External seeAlso references are erroneously sent back to the Definitions Server

[ghobona]

Currently external seeAlso references are erroneously sent back to the Definitions Server. This causes an InputError (with 400 status code) because the references are URLs to external resources.

The Definitions Server should be modified to allow external seeAlso references to navigate to those external URLs and not back to the Definitions Server.

[jerstlouis]

Clicking see also on any TileMatrixSet e.g.,

http://www.opengis.net/def/tilematrixset/OGC/1.0/GNOSISGlobalGrid

Results in a 400 Input Error.

The URL that see also links to is e.g.,

https://defs.opengis.net/vocprez/object?uri=http%3A//schemas.opengis.net/tms/1.0/json/examples/GNOSISGlobalGrid.json

The value of the uri query parameter, the external link, is an invalid URI for the definition server.

This makes it impossible for users/developers to manually retrieve a TileMatrixSet definition from the registry.

To correct this error, for external links, the link should directly point to the external See Also link, instead of linking to vocprez/object with a ?uri= pointing to an external link that is an invalid URI.

See also additional comments from Clemens in https://github.com/opengeospatial/NamingAuthority/issues/197#issuecomment-1251275785 .

[cportele]

Copied from #197:

I also get 400 errors for most definitions server requests.

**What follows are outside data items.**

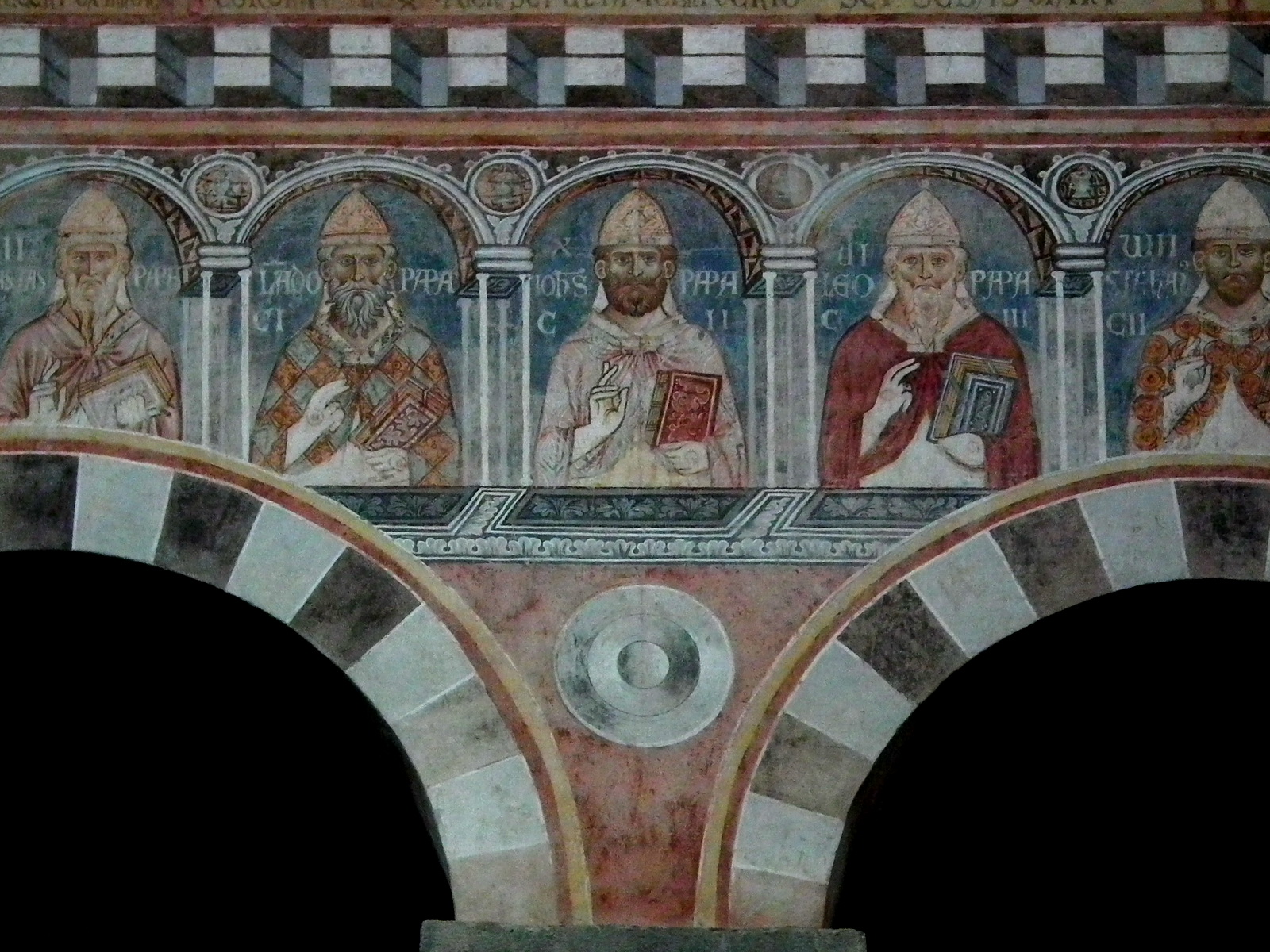 Das umfangreiche Werk besteht aus drei übereinanderliegenden Bildreihen und wurde vor kurzem restauriert. In der untersten Reihe finden sich die Porträts aller Päpste des ersten christlichen Jahrtausends, vom Apostel Petrus bis zu Johannes XVII., der im Jahr 1003 regierte. Papstporträts finden sich auch in der Patriarchalbasilika St. Paul vor den Mauern in Rom mit dem Unterschied, daß jene von San Piero a Grado älter sind.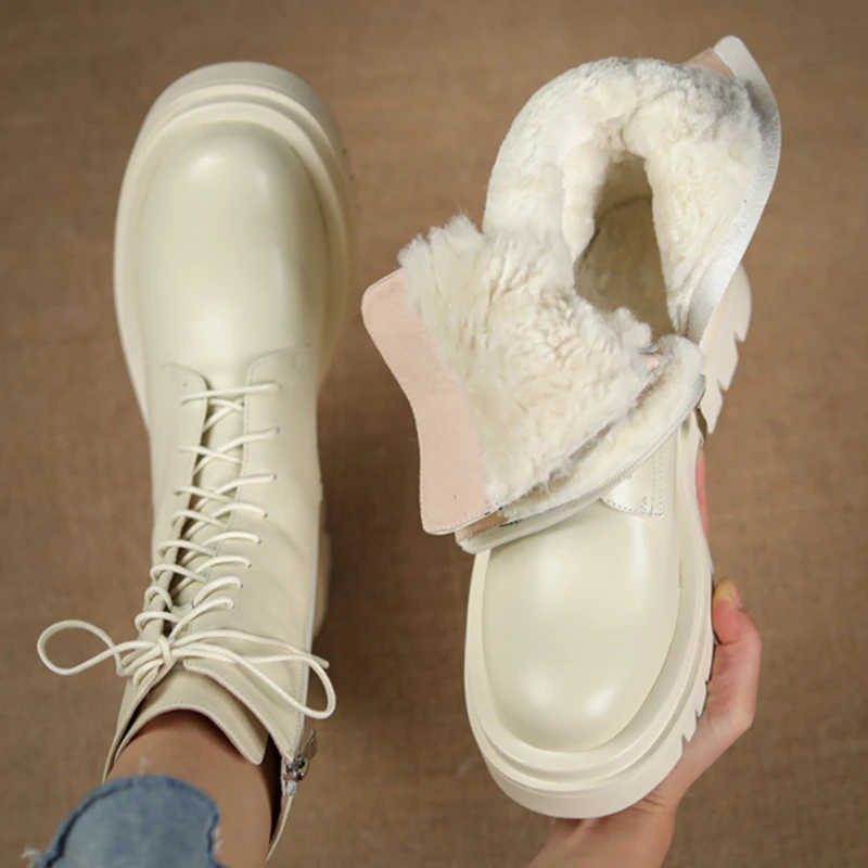 Женские зимние ботильоны из натуральной кожи, на шнуровке, теплые ботинки на платформе, большой размер 34-42, 2021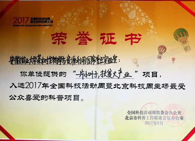闭幕式上,我室提供的“一片小叶子,扶贫大产业”项目,因有效地普及了茶叶科学知识,展示了科技扶贫、精准脱贫的最新成果,获得了科技部农村中心、参展人员、广大市民和媒体记者的一致好评和广泛热议,大会组委会经过评选,一致推荐入选“2017年全国科技活动周暨北京科技周主场最受公众喜爱的科普项目”。
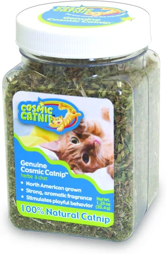HIERBA GATERA PREMIUM: ¡100% Hierba Gatera Premium Natural Cultivada en Norteamérica que tus amigos felinos seguramente disfrutarán! HISTORIA DE EXCELENCIA: Cosmic Catnip se ha fabricado durante más de 30 años y se envasa aquí en Ohio. Es una gran alternativa a los aerosoles de hierba gatera y es segura para gatos de todas las edades. ALTA POTENCIA: Nuestra fragante hierba gatera tiene un aroma tentador y atractivo para atraer a tu gato al tiempo de juego Cosmic Catnip fomentará el comportamiento juguetón, obsérvalos ronronear, rascar y maullar durante horas de diversión. DETENER EL COMPORTAMIENTO DESTRUCTIVO: Usa nuestro catnip premium con otros juguetes para gatos, su poste de rascar favorito y rascador para gatos para detener el comportamiento destructivo. USO SUGERIDO: La hierba gatera se puede administrar de forma segura cada dos días, sin embargo, la efectividad desaparece con la exposición constante. ¡Darle a tu gato un descanso entre exposiciones garantiza el disfrute cada vez!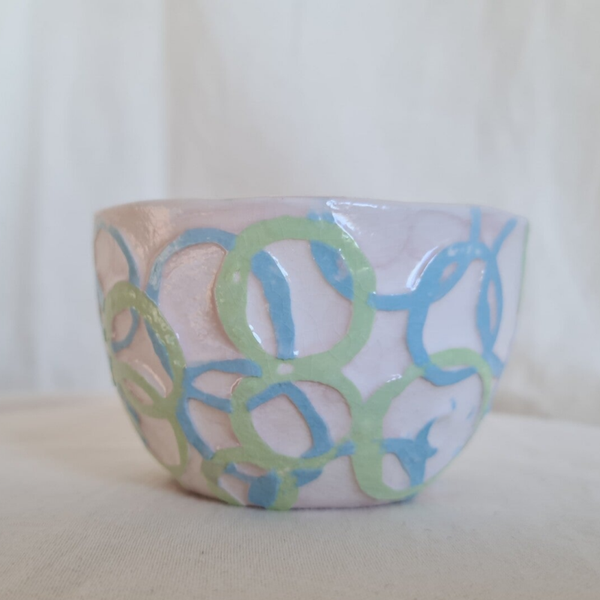 - Schaal Cirkels Blauw/Groen. Dit porseleine schaaltje is gegoten en daarna bewerkt met schellak en geleurd porselein slib. Door de schellakbewerking is er een relief ontstaan. Formaat: doorsnede 8,5 cm, hoogte 5,5 cm.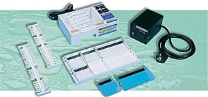 采用内置直流电源,可直接使用 110 伏或 220 伏交流电(随机配备转换变压器)。盖子和移胶板均为工程塑料,耐腐蚀,强度高;铂金电极,使用寿命长适用于琼脂糖和聚丙烯酰胺凝胶体。整个仪器体积小、重量轻,携带方便,操作简便。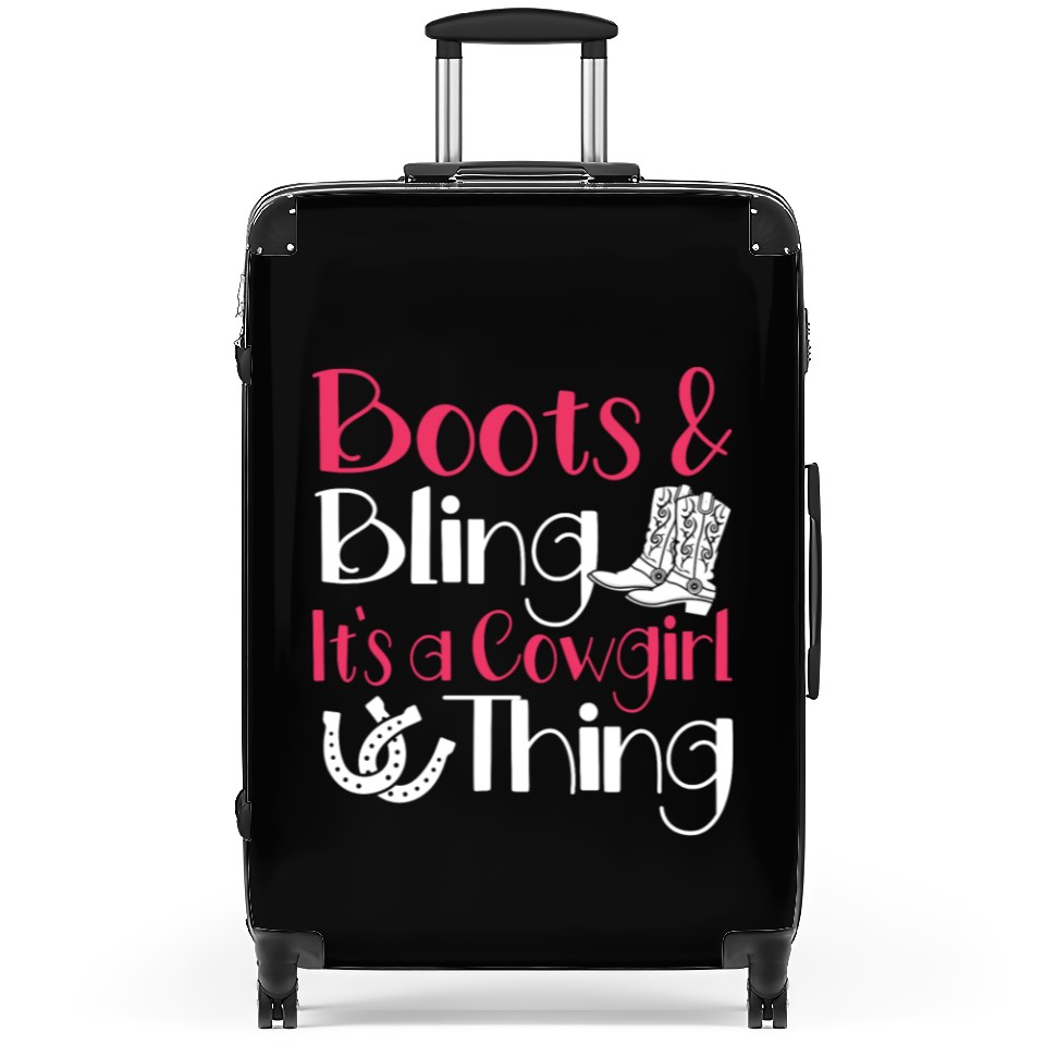 You're searching for a one-of-a-kind product Boots And Bling It's A Cowgirl Thing Suitcases For Black belong theme Suitcases at Printblur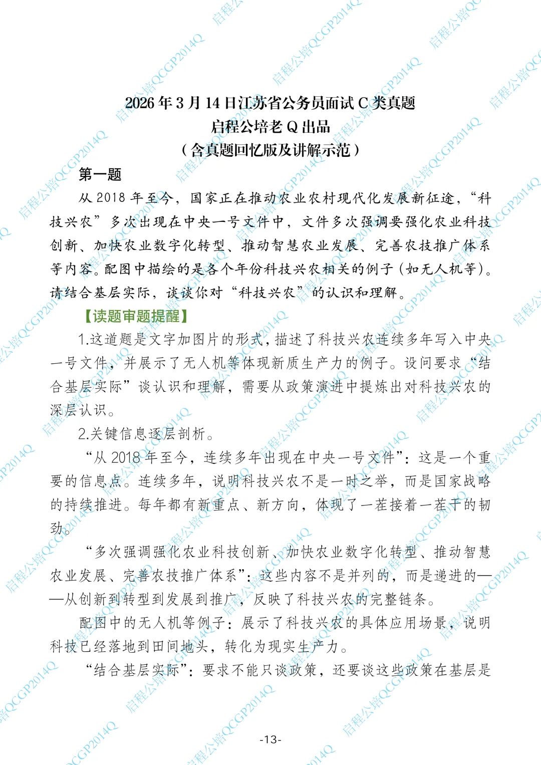 1.这道题是文字加图片的形式,描述了科技兴农连续多年写入中央一号文件,并展示了无人机等体现新质生产力的例子。设问要求“结合基层实际”谈认识和理解,需要从政策演进中提炼出对科技兴农的深层认识。
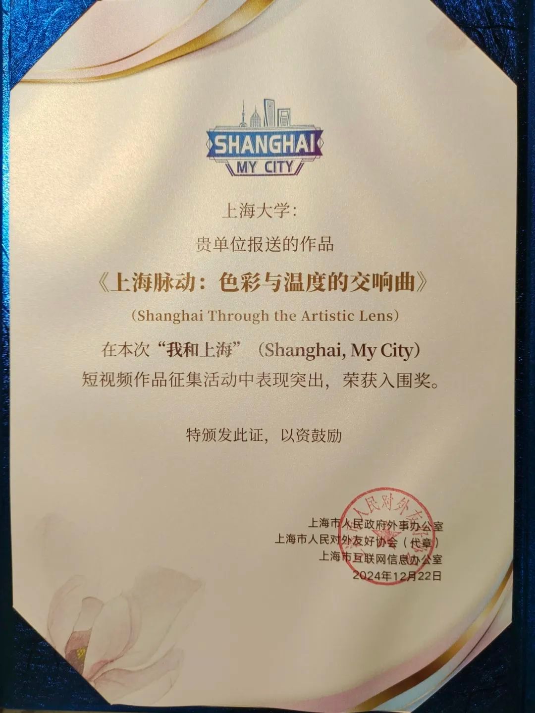活动征集期内共收到200余部作品,其中42部佳作入选网络展播环节。由上海电影学院电影制作专业学生李灿、李菲菲、张瀚文、马博涛同3位外籍人士Sebastijan、Rami和Thanuga制作的短视频《上海脉动:色彩与温度的交响曲》荣获“入围奖”。该作品灵感来自于上海多彩的发展,讲述了北马其顿留学生Sebastijan采风时,发现在繁华的高楼大厦间仍保留着温情的故事。同时,Beat365唯一官方网站荣获“优秀组织奖”。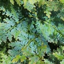 - Селагинелла крючковатая (Selaginella uncinata) красуется роскошным сизо-голубым окрасом кружевной зелени, которая кажется действительно драгоценной благодаря очень плотному расположению «пушистых» побегов в дернинке и миниатюрным хвоевидным листьям.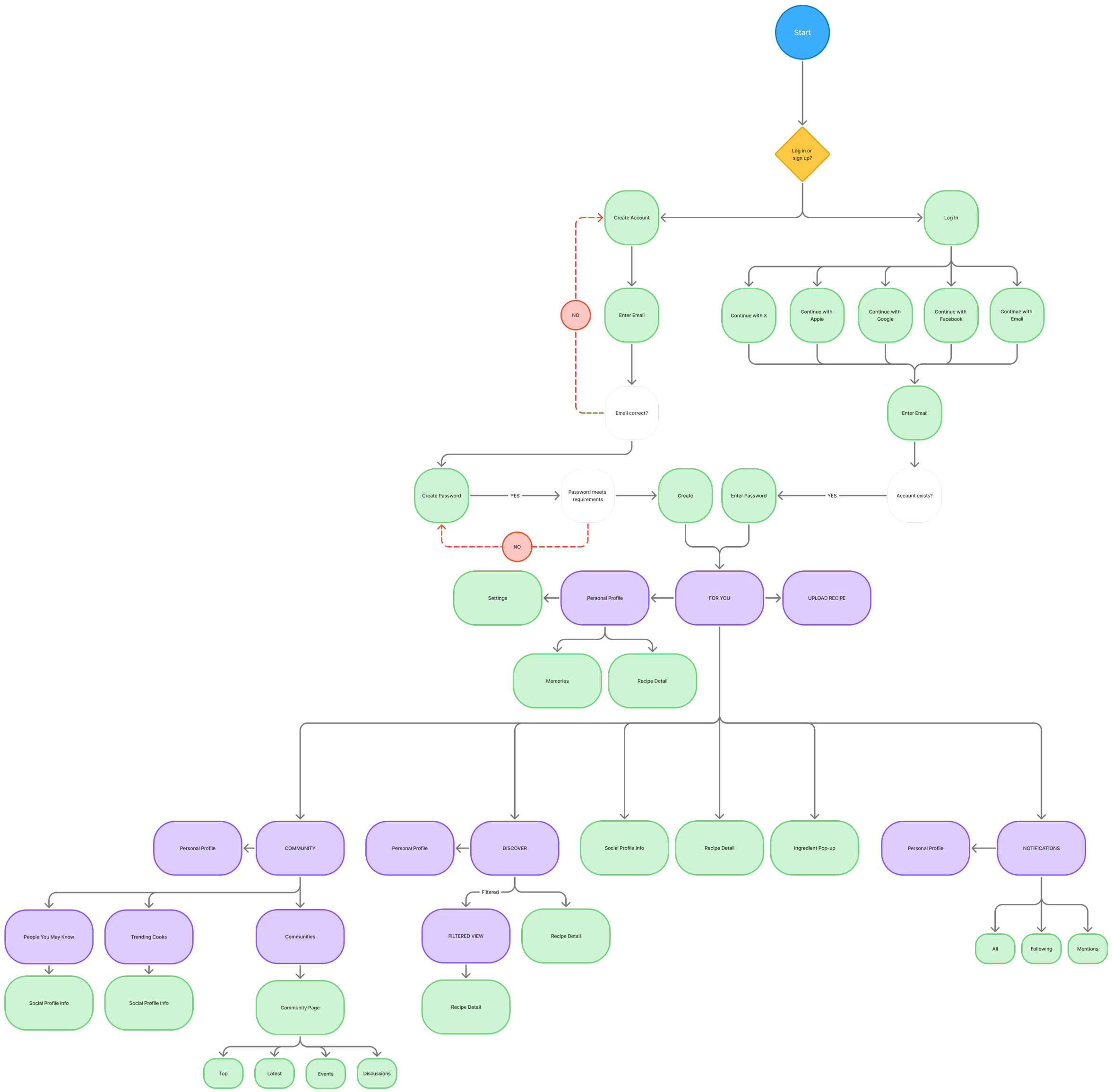 After reviewing the research and identifying where users were getting slowed down, I focused on creating an information architecture that removed friction and made the experience easier to navigate. The user flow centers around a recipe-first “For You” feed, allowing users to discover, evaluate, and move forward quickly without unnecessary steps. This structure set the foundation for a faster, more intuitive cooking experience.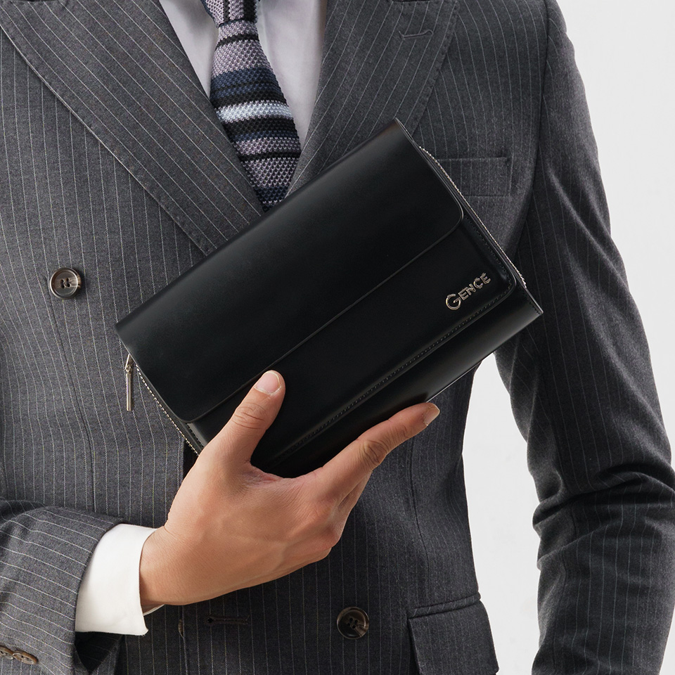 ✨Ví cầm tay nam Gence da bò Box 1 khóa HT04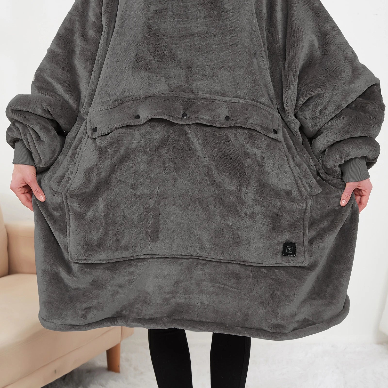 Erleben Sie maximale Wärme und Komfort mit dem beheizten Poncho. Dieser bequeme Kapuzenponcho ist der perfekte Begleiter für kalte Herbst- und Wintertage. Egal, ob Sie zu Hause oder unterwegs sind, hüllen Sie sich in einen dicken Flanell und verstauen Sie das Nötigste bequem in der Vordertasche. Begrüßen Sie Wärme und Entspannung und verabschieden Sie sich von der Kälte!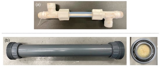 Scale-up of membrane distillation modules. (a) Lab-scale testing module (0.5-inch diameter); (b) pilot-scale testing module (2-inch diameter).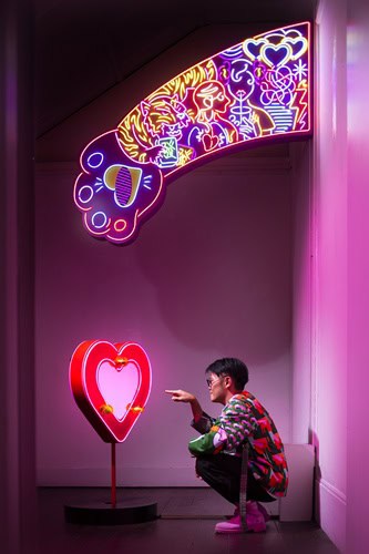 Roy Wang: The installation draws from everyday happiness. A cat playing in oversized flowers. A goose dancing. A girl sipping bubble tea. These little moments are universal and simple yet they are what we often rush past. By illuminating them in neon light, which I feel has a powerful and unspoken attractiveness, I wanted to elevate the ordinary into something that feels magical.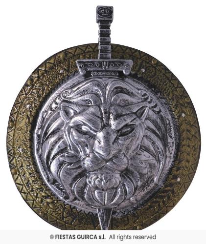 SCUDO DA GLADIATORE CON LEONE 44 CM E SPADA 48 CM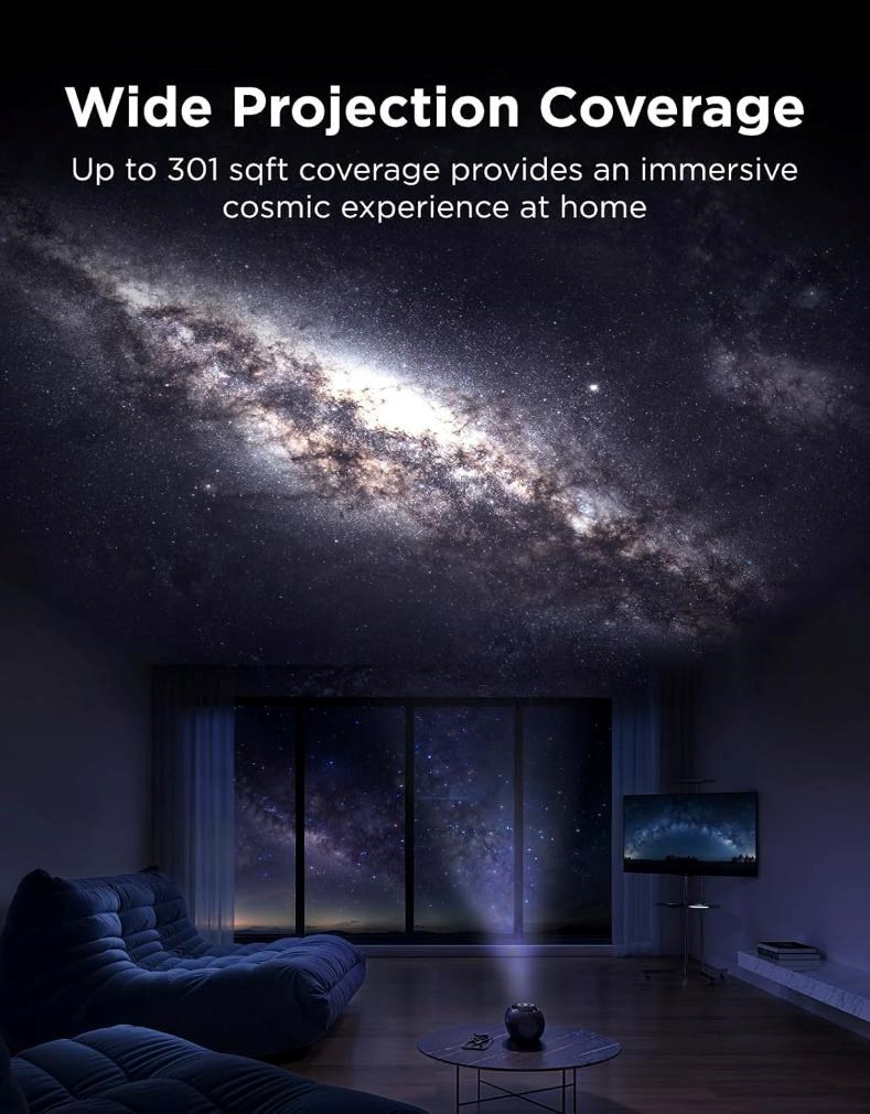 S uhlom projekcie 90° a plochou až 28 m2 vytvorí projektor naozaj pohlcujúce prostredie. Hviezdna obloha zaplní celú miestnosť a vy si tak užijete pocit, že sa nachádzate priamo pod otvorenou oblohou. Táto vlastnosť robí projektor ideálnym pre spálne, obývačky aj detské kútiky.

In my case the behavior depends on the browser:

Chrome (latest version): When I click on http://www.opengis.net/def/tilematrixset/OGC/1.0/GNOSISGlobalGrid, I get a 307 redirect due to HSTS to https://www.opengis.net/def/tilematrixset/OGC/1.0/GNOSISGlobalGrid which in turn results in a 303 redirect to http://defs.opengis.net/vocprez/object?uri=https://www.opengis.net/def/tilematrixset/OGC/1.0/GNOSISGlobalGrid which returns 400 Bad Request.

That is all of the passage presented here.